This is what happened on Thursday:

My AP Calculus Test had a simple question where students were asked to find the derivative of an inverse function for a given value. In fact, out of all the kids who came after school to review the test with me only one, my top student, actually had an explanation of how they got the answer. This didn’t surprise me despite the fact that it was one of the least difficult problems on the test. You can memorize the formula for the derivative of an inverse and plug in a value. Compared to other questions on the test, it’s crazy easy. So why did they miss it?

Probably because I never taught it. It’s out of the norm for me to put questions on the test unless we have investigated the topic/concept in class. But my decision not to teach the derivative of an inverse function was based on the fact that the application of that skill never comes up in the rest of the college board’s curriculum. As a result, I personally see it as a skill that is detached from the rest of the course. *I see the derivative of inverses as a bubble in the concept map that only has one connection to the rest of the course. Those kind of bubbles get popped in my class.*

So what I did was this: I told the kids to look in their book on page 165 and read about the derivative of an inverse. I explained to them why we weren’t going to spend class time on it and asked them to try a few sample problems from page 165 then memorize the formula. I don’t regret that choice. But do regret one thing. I admitted to the kids that I didn’t have the formula memorized. My justification was that it rarely comes up so I had no motivation to know it, and if I ever needed it I could look it up. BUT if I had a test to take, I’d memorize it so… PAGE 165. Looking back I wonder – *Did my not knowing it and not needing it, imply that it wasn’t important for them to know it even though it would be on the test??* Maybe so. If so, I should probably memorize it and tell my students to memorize it next year.

OR, I could not memorize it, not teach it, not even mention it and peacefully protest the College Board for teaching a skill that never comes up in any other context or problem throughout the rest of the course. The 1.2 points my students might lose from not answering the one multiple choice question on the test is unlikely to change their score and less time looking at page 165 would give them more time to explore the more important concepts in the course. I’ll think about it…

Anyway, on to another issue. I have to talk about the **one** student who knew the formula, the **one** students who had actually read page 165. She is the top student in the class, by far. And when she told us that she actually knew how to find the answer someone said something like, “OMG! You’re so smart!” And the whole class agreed.

Ugggghhhh, really?? For reading?! For memorizing a simple formula?! This is so common at my school and it drives me crazy. My students think that the top students are blowing them out of the water because they are just smarter. It’s fixed mindset in total control! I stopped the class and yelled at them (in the kindest way possible of course).

Why didn’t you read page 165? Are you not able to read? I know you can memorize formulas. You know the derivative of radical x. Did Caroline (#fakename) read page 165 because she’s better than you at math? More intelligent than you? Does she know the formula because she’s better, or is it because SHE read the page I told YOU to read!?!(#page165) Don’t you see that you could have controlled this? Don’t you see that we will never know how good you are at Calculus if you refuse to do the little things that you can control that make you better?

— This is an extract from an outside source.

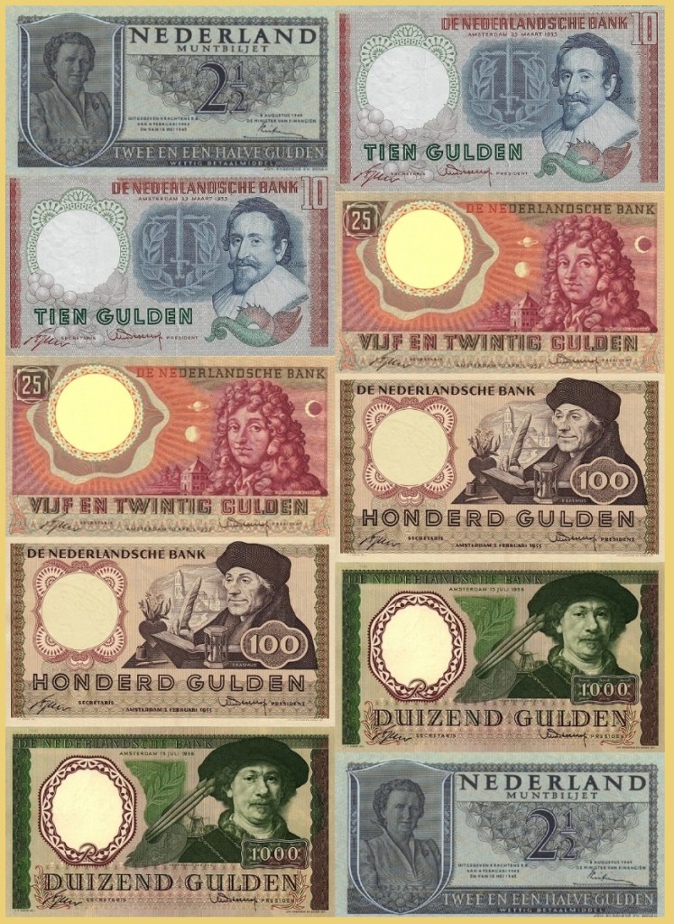 Doeve illustreerde veel voor Elseviers Weekblad, herinner ik mij. En hij ontwierp onderstaande bankbiljettenserie uit de Jaren Vijftig (waarvoor nooit een Noordwijker heeft geposeerd):

I’m just saying. Hashtag just sayin’.

I have to think about how I can convince my students that working hard and studying is crucial to their success, that it can make the “smarter.” This is obviously one of the great struggles in education, and here it was highlighted again in the top math class in my school. By the time they reach Calculus many students have developed obvious *ability* in math, but those same students are always the ones who turn in every assignment, study for tests, and read page 165. It’s important to consider that before we decide what really made them smart.